The second is News A Woman Can Use in which Sandy takes a look at older women and weight.
The researchers concluded that the lowest risks for older woman was to be fatter than the current government recommended BMIs. Our chances for living longer and healthier improve with some fat on our bones. The researchers specifically said that the National Heart, Lung, and Blood Institute (NHLBI) guidelines, which recommend weight management of “overweight,” were inappropriate in older women because those were the sizes where women have the lowest rates of mortality. In other words, following government guidelines would increase their risks for dying*.
***
. . .researchers at the University of California, San Francisco, found that except for smoking none of the lifestyle and risk factors popularly believed to be important actually made a difference in how long we live, and that obesity was associated with a 30% lower mortality. And for those who develop heart failure, every 5 BMI units higher lowered the risk of dying by 10%. The Cardiovascular Health Study of 5,200 older men and women, recently published in the Journal of the American Geriatric Society, again found that body mass index was inversely related to mortality.
***
. . .it bears repeating because of the exaggerated fears about obesity, that based on weight alone, a woman is no more likely to die at a BMI of 50 (about 310 pounds) as at a BMI of 35, and that the most extremely "morbidly obese" women still have a longer life expectancy than normal weight men.

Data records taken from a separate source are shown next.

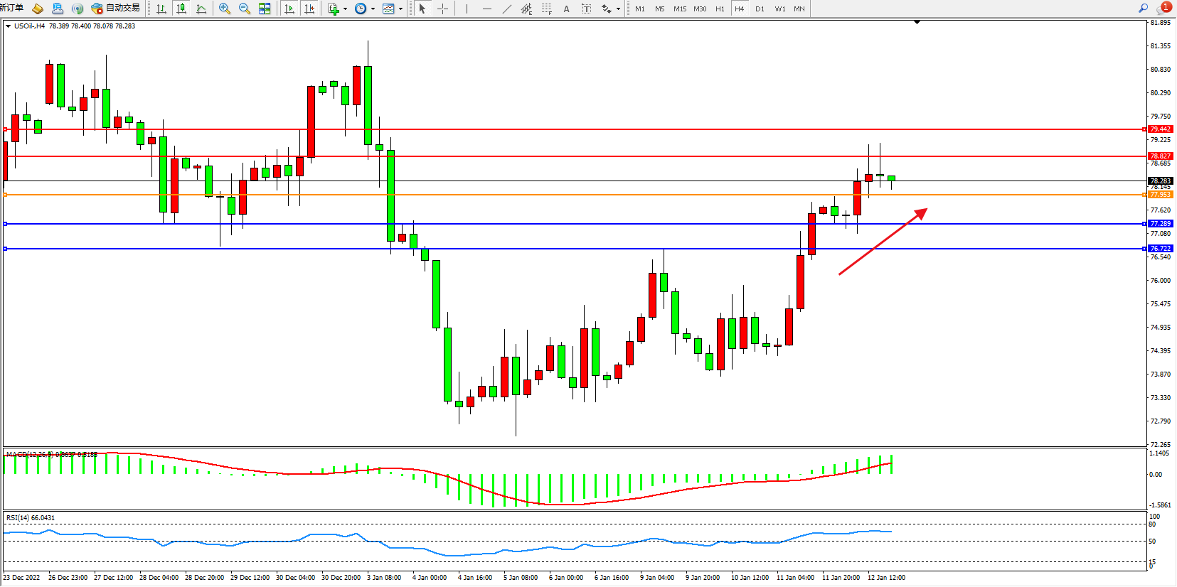 原油USOil——4小时K线图显示: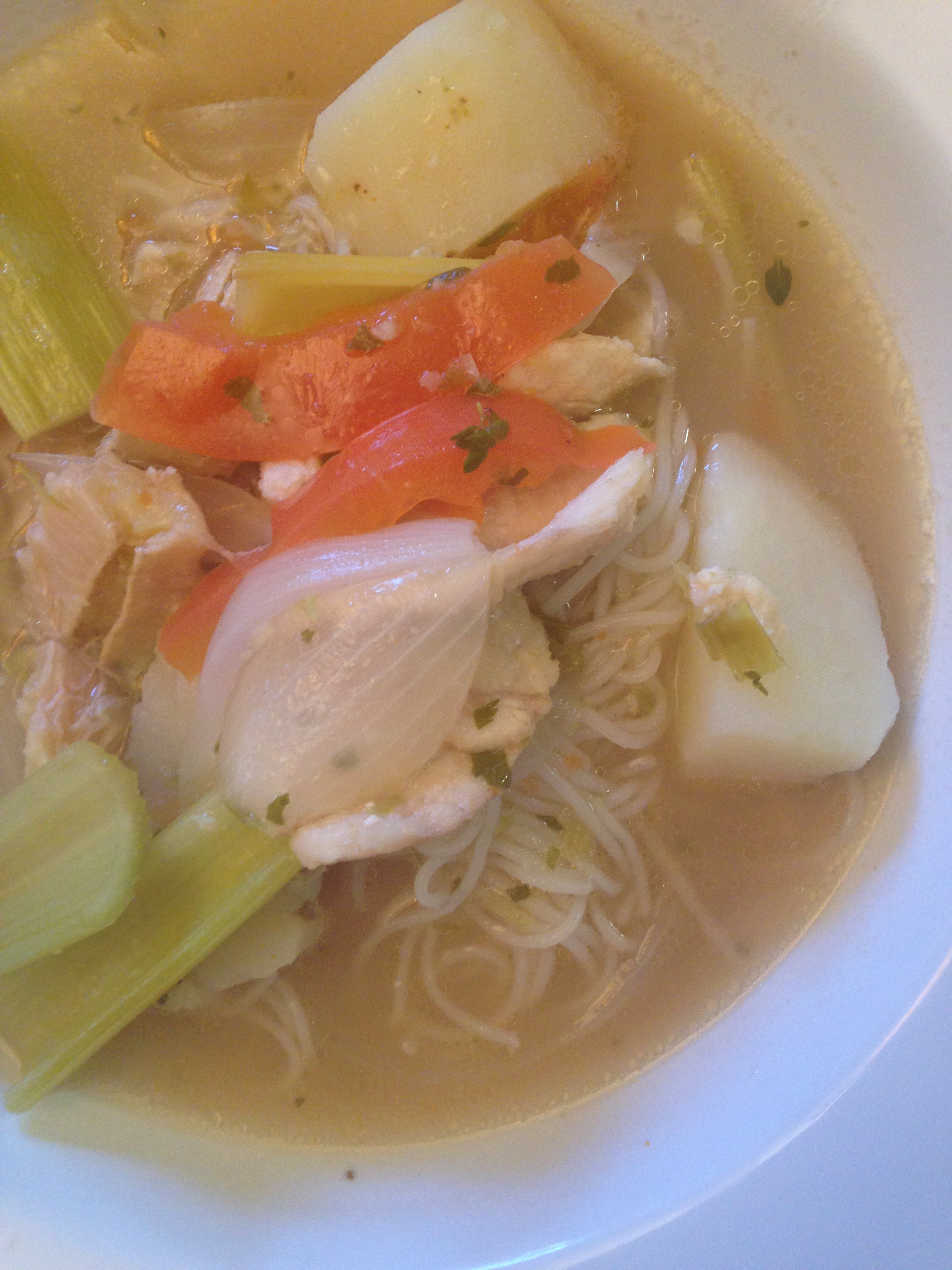 Last weekend, our friend Adam from Get Fresh Farms, delivered some fresh tilapia to us and we made Grilled Tilapia Tacos with Pear Bell Pepper Salsa and Best Boy Brunette Sauce. Yummy! We had a bunch of fish bones leftover so we decided to throw them in a big stock pot with water, onion, carrot, and celery to make some fish stock. This weekend, we used the fish stock to make delicious Trinidad Fish Brof. I don’t know if I’ve ever had cuisine from Trinidad, but if this dish is any indication of what to expect, count me in. Of course, we are fans of flavorful noodle soups, similar to Vietnamese Pho. I especially like the large chunks of root vegetables, and oddly enough, the bananas.
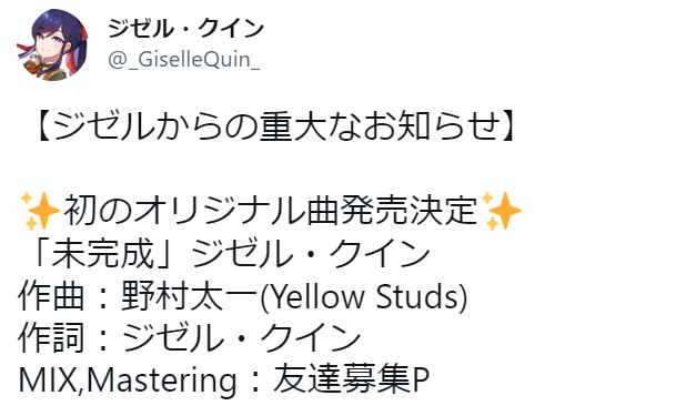 ジゼル・クインさんの初オリジナル曲がでたーーーーーーー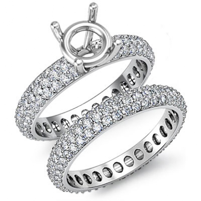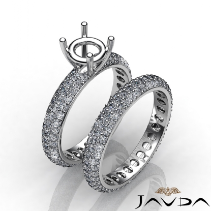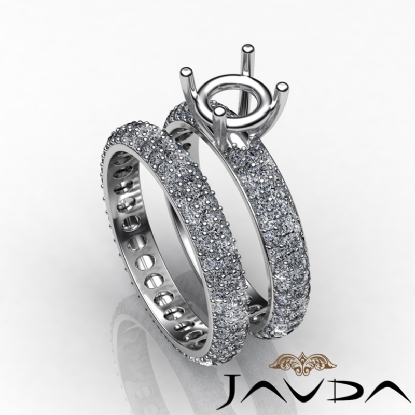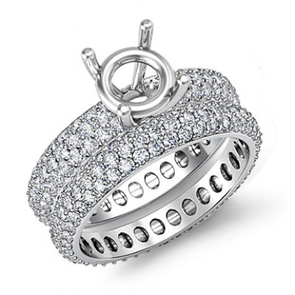 Stunning and intricate, this 18k Gold White semi mount diamond engagement ring features intricate pave set diamonds on this bridal set. This set comes with a beautiful matching band. (3.8Ct. tw.)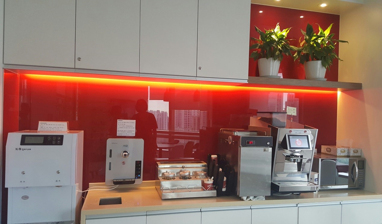 如下图所示,水第一步进水过滤是必需,第二步你可选择,100度的快速直开水(出水速度较慢,但绝对100度),第三步有冷热皆宜的直饮水机。而那台8万元(租赁形式)的咖啡机也是每层茶水间的必备。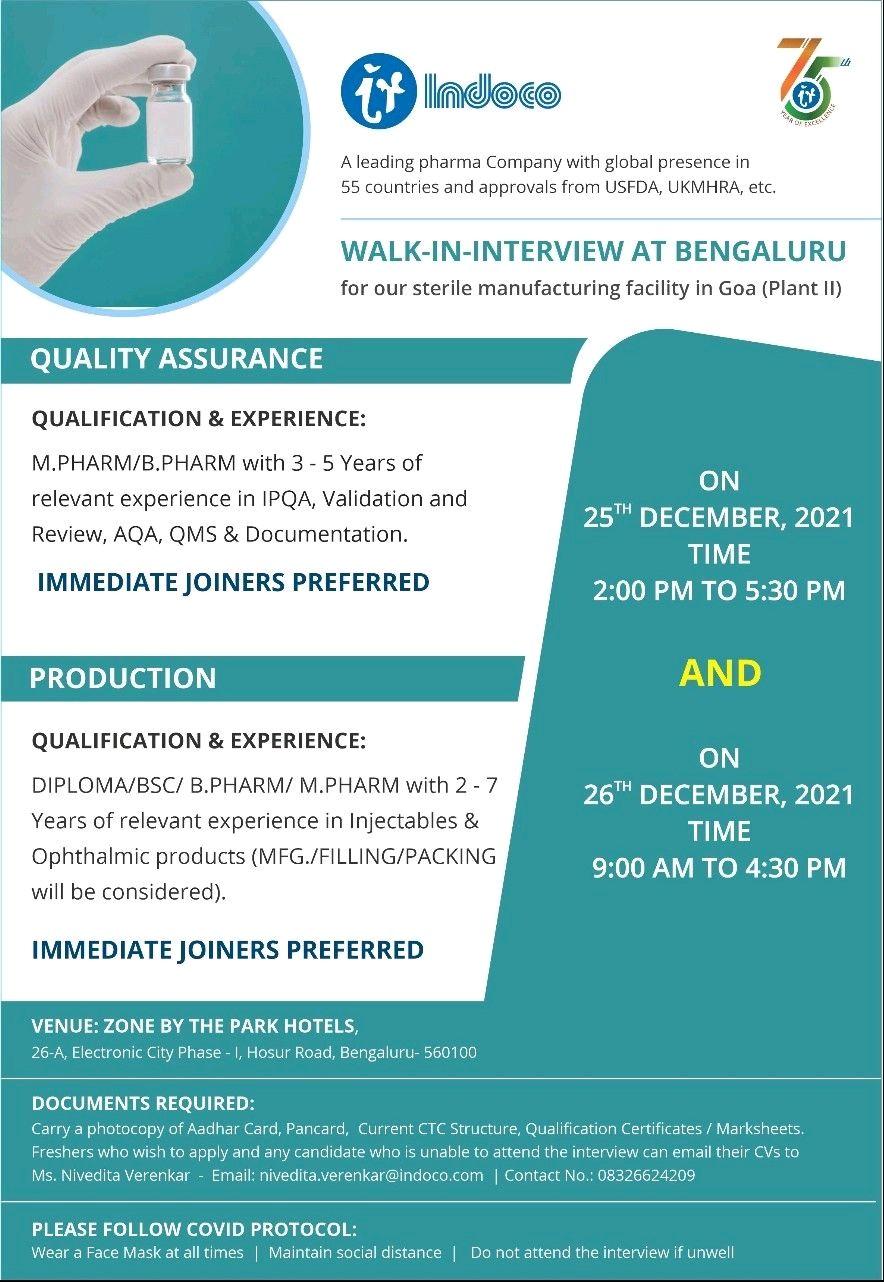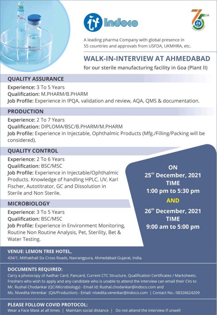 Indoco, Walk In Interview for Production/ QA/ QC/ Microbiology on 25th & 26th Dec’21 @Ahmedabad, Bengaluru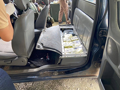 ผลตรวจทำเจ้าหน้าที่ผงะ! พบการ ดัดแปลงโครงสร้างตัวถังรถ และซุกซ่อนสิ่งผิดกฎหมายอย่างแนบเนียนภายในรถกระบะ Ford สีน้ำเงิน ทะเบียน ชบ 2438 ราชบุรี ของกลางที่ตรวจยึดได้ 1.ยาไอซ์ 94,500 กรัม (รวม 90 ห่อ) มูลค่าประมาณ 11,340,000 บาท 2.รถกระบะ Ford สีน้ำเงิน 1 คัน 3.เงินสด 10,000 บาท 4.โทรศัพท์มือถือ 2 เครื่อง เจ้าหน้าที่ฯ ควบคุมตัวผู้ต้องหา พร้อมของกลางทั้งหมด ส่งดำเนินคดีที่ สภ.สังขละบุรี ตามกฎหมายทันที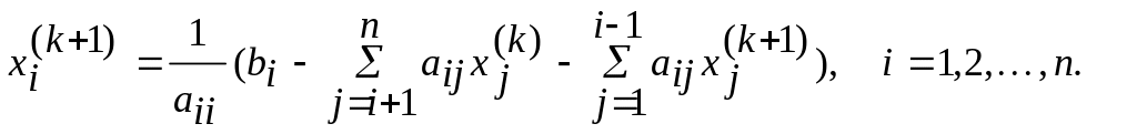 Постановка задачи и алгоритм решения систем линейных алгебраических уравнений аналогична методу простой итерации. Отличие заключается в том, что уточненные значения неизвестных используются сразу после их получения, а не после завершения расчетов всей итерации. В итоге изменяется расчетная формула метода, которая имеет вид: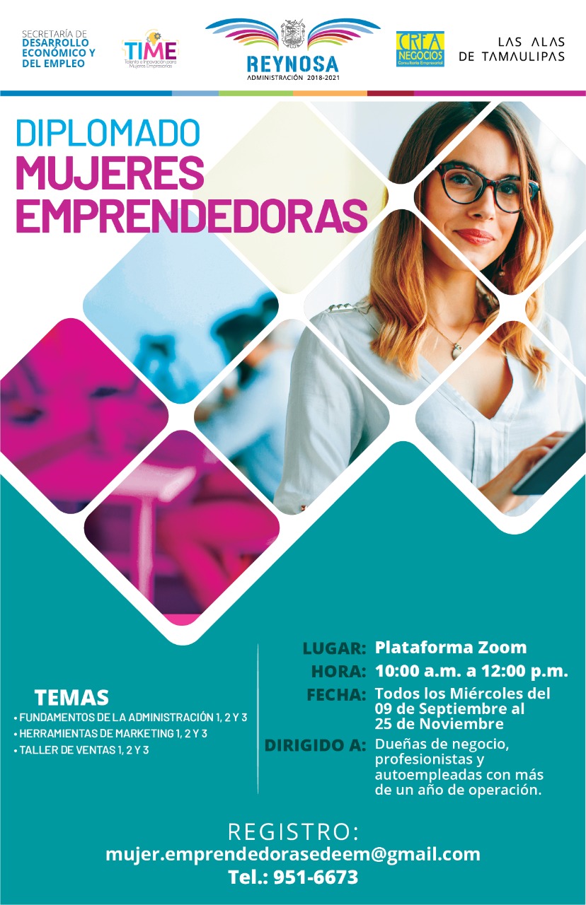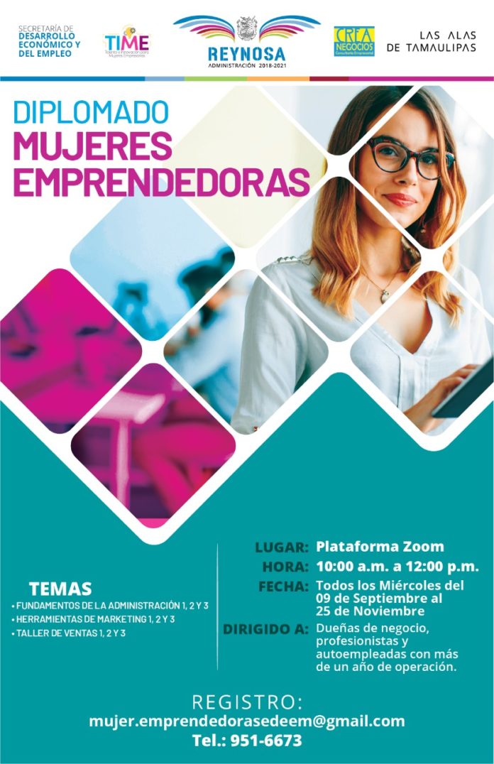 REYNOSA, TAM.- El Gobierno Municipal busca incrementar el emprendimiento y la cultura empresarial de las mujeres de esta ciudad con programas de capacitación que en tiempo de pandemia son impartidos por la Secretaría de Desarrollo Económico y del Empleo por medios virtuales.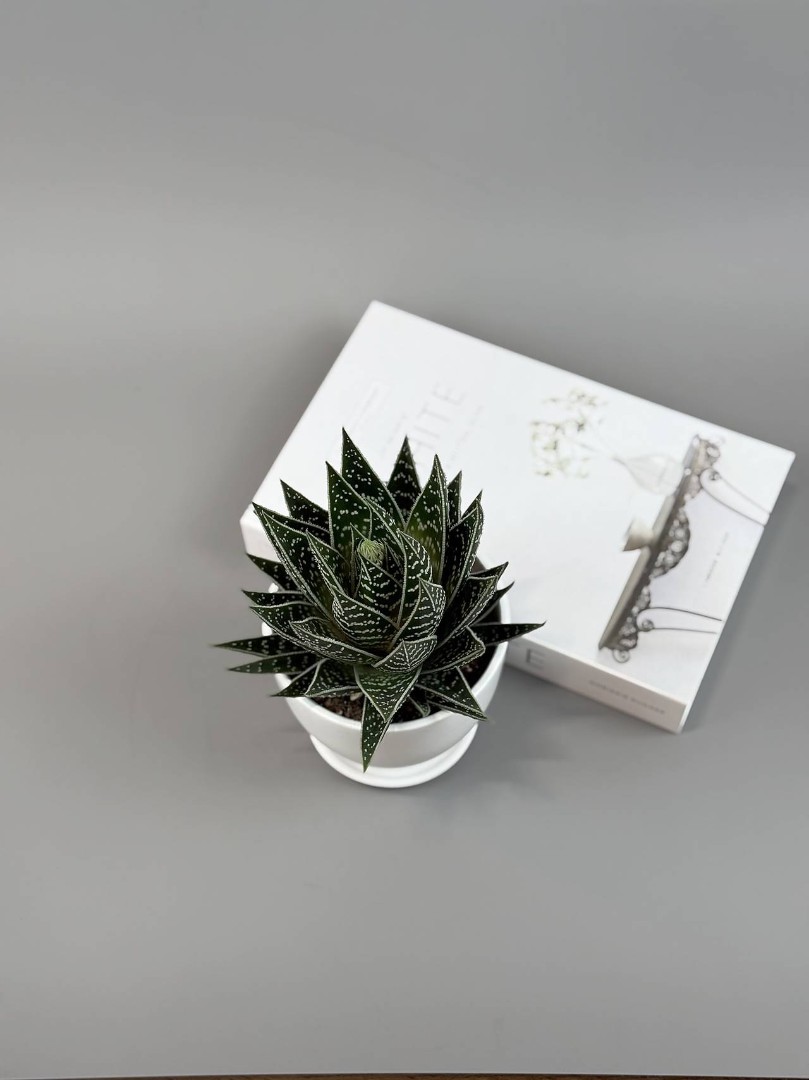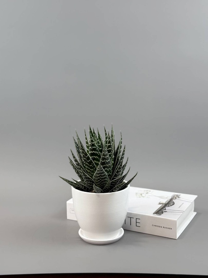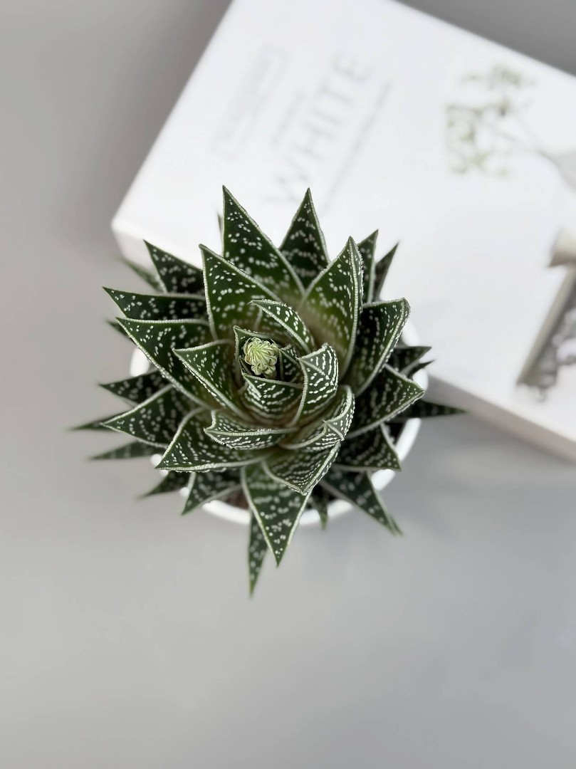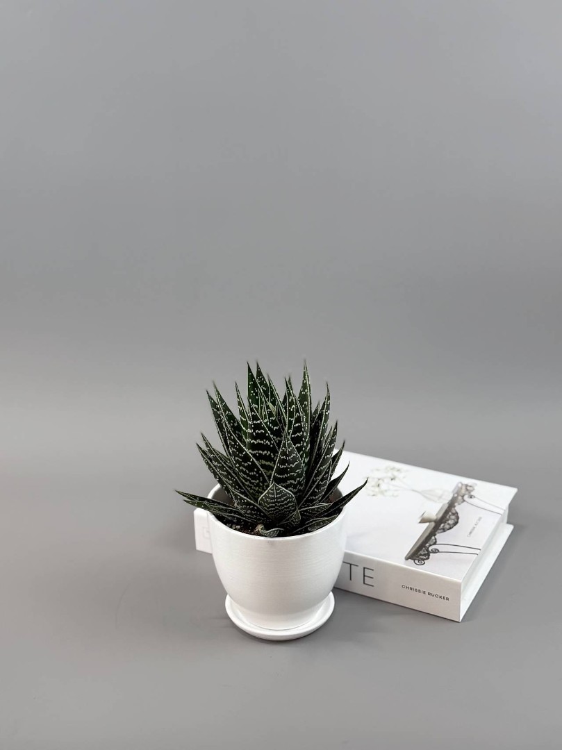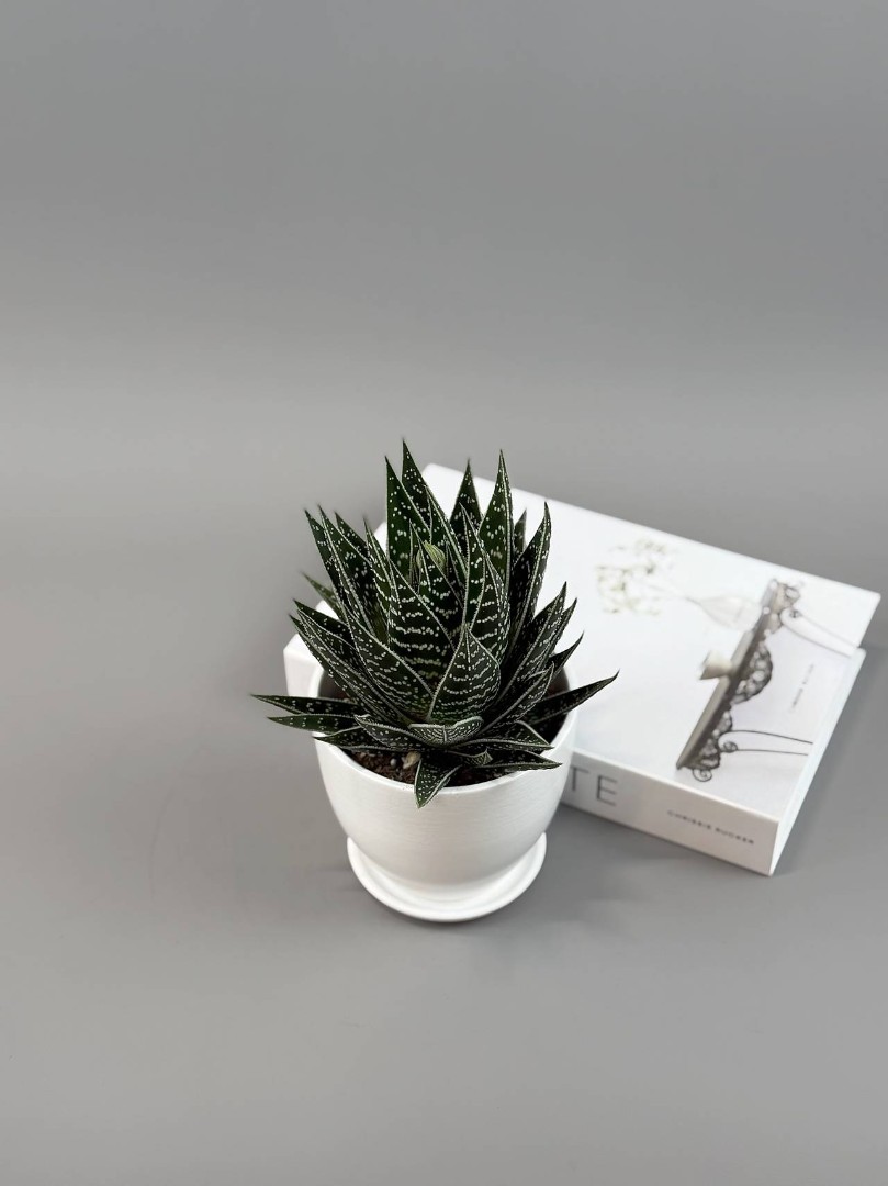 Алоэ «Тики Таки» в белом горшке — графичный узор в идеальной розетке

Our figures need not be our worry.
* Emphasis added.

Last Thursday, Julie posted Fat, a look at the recent PBS special and her thoughts about it.
Several years ago, in the hospital after suffering a heart attack, my bony tiny grandmother asked her bony tiny sister to check her chart, to see how much weight she had lost while flat on her back. When told she had lost a pound and a half, she was disappointed, she had hoped for more, that she would have been able to ‘do better’.
***
It’s an issue that is haunting so many people every day (like the oatmeal commercial, where the people have their scales chained to their ankles while Willy Nelson sings, “You are always on my mind…”)
Since then, I have watched the special (I had recorded it) and the things I noticed were, in the section on weight loss surgery, I didn't see much indication of the dangers of this surgery. It has very high mortality rates (I have heard both 1 in 100 for on the table and 1 in 50 for within 90 days), nutrient absorption is reduced for the rest of the person's life, leading to nutritional diseases, and weight rebound is just the same as for diets.** And, in the discussion at the end among the medical personnel, they mentioned that dieting didn't work, and then proceeded to give what was good advice for living a healthy life in such a way as to make it sound like weight loss advice. In a culture as saturated with fat phobia and diet messages as this one, I would have reiterated that these suggestions were for optimum health and that there is no way to lose weight permanently that works for more than two percent of the population. I did fall in love with the idea of being "a free-range fat woman" as mentioned by Pat Lyons.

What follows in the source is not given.